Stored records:
────────────────────
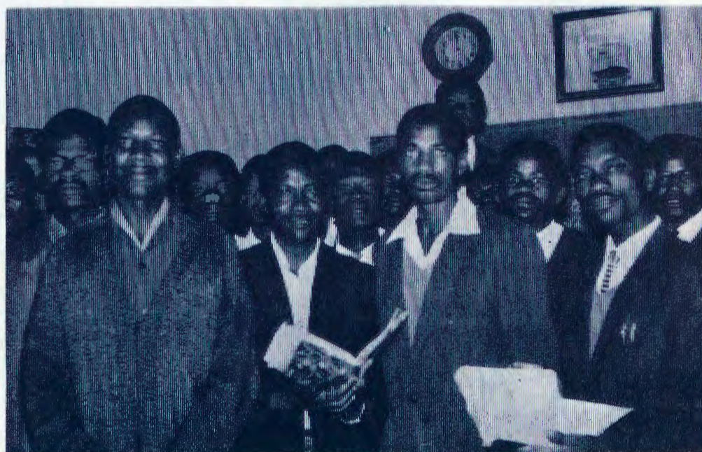
Ongudu ei tu wete mefano eli, oyovanyasha vomostata muWindhoek mohungi yavo.
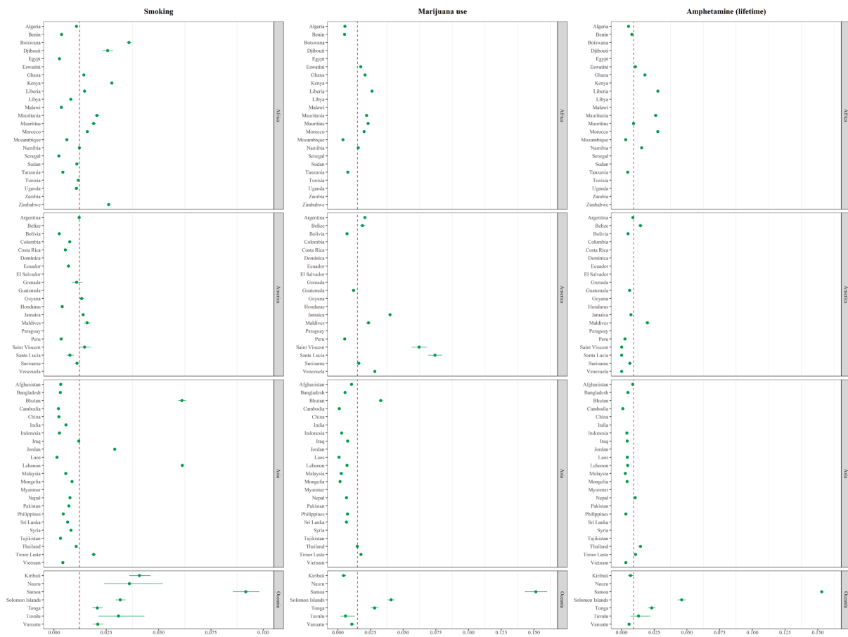
Note. Estimated weighted 30-day prevalence and 95% confidence interval (whiskers) are displayed for smoking and marijuana use. The lifetime prevalence was displayed for the amphetamine outcome. The red dashed line displays the overall prevalence.
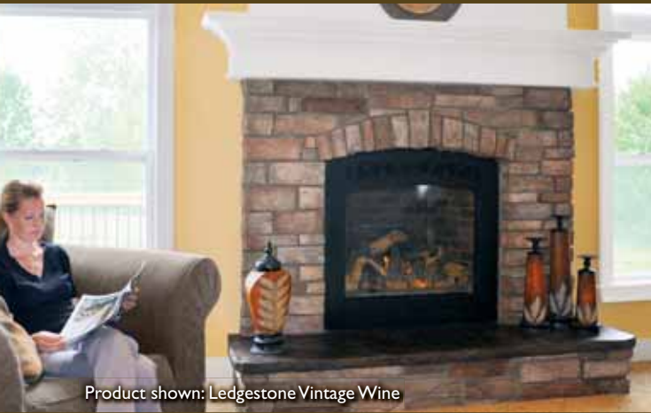
Product shown: LedgeStone Vintage Wine
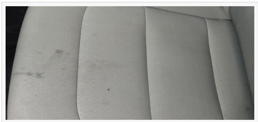
Renters easily implicated by $200 'stain' cleaning fee stamped to contract. Stain preexisting.

/EINPresswire.com/ -- <u>SubscriberWise</u>, the nation's largest issuing CRA for the communications industry and the leading protector of children victimized by identity fraud, announced today the presumably intentional destruction of video booth surveillance by Enterprise Holdings'
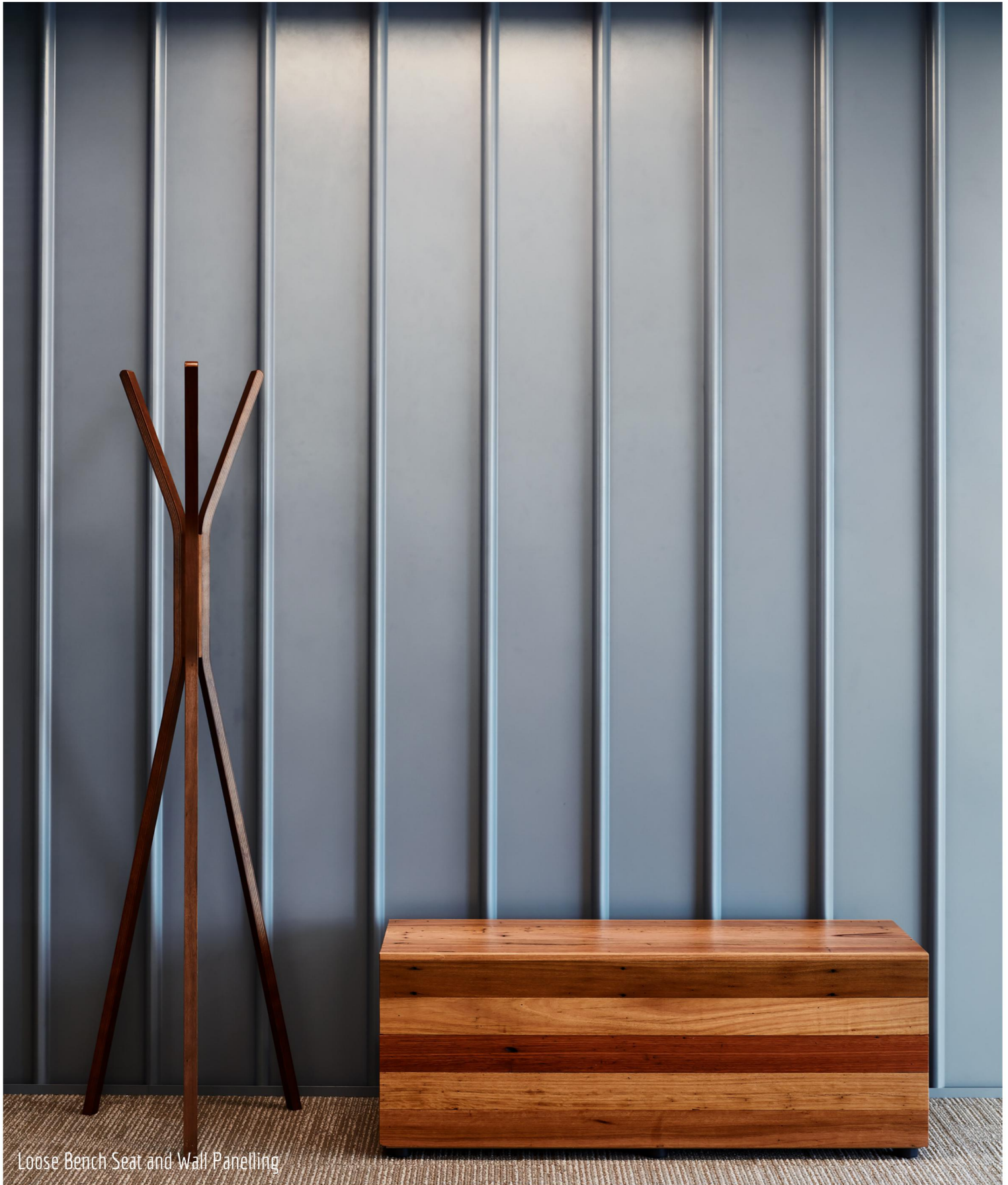
Loose Bench Seat and Wall Panelling
────────────────────
> _Description of the task_:
Give back exactly, and only, the lines from the one holding "Product shown: LedgeStone Vintage Wine" through the last line of the entries, with every picture omitted.

> _Exercise response_:
Product shown: LedgeStone Vintage Wine
Renters easily implicated by $200 'stain' cleaning fee stamped to contract. Stain preexisting.

/EINPresswire.com/ -- <u>SubscriberWise</u>, the nation's largest issuing CRA for the communications industry and the leading protector of children victimized by identity fraud, announced today the presumably intentional destruction of video booth surveillance by Enterprise Holdings'
Loose Bench Seat and Wall Panelling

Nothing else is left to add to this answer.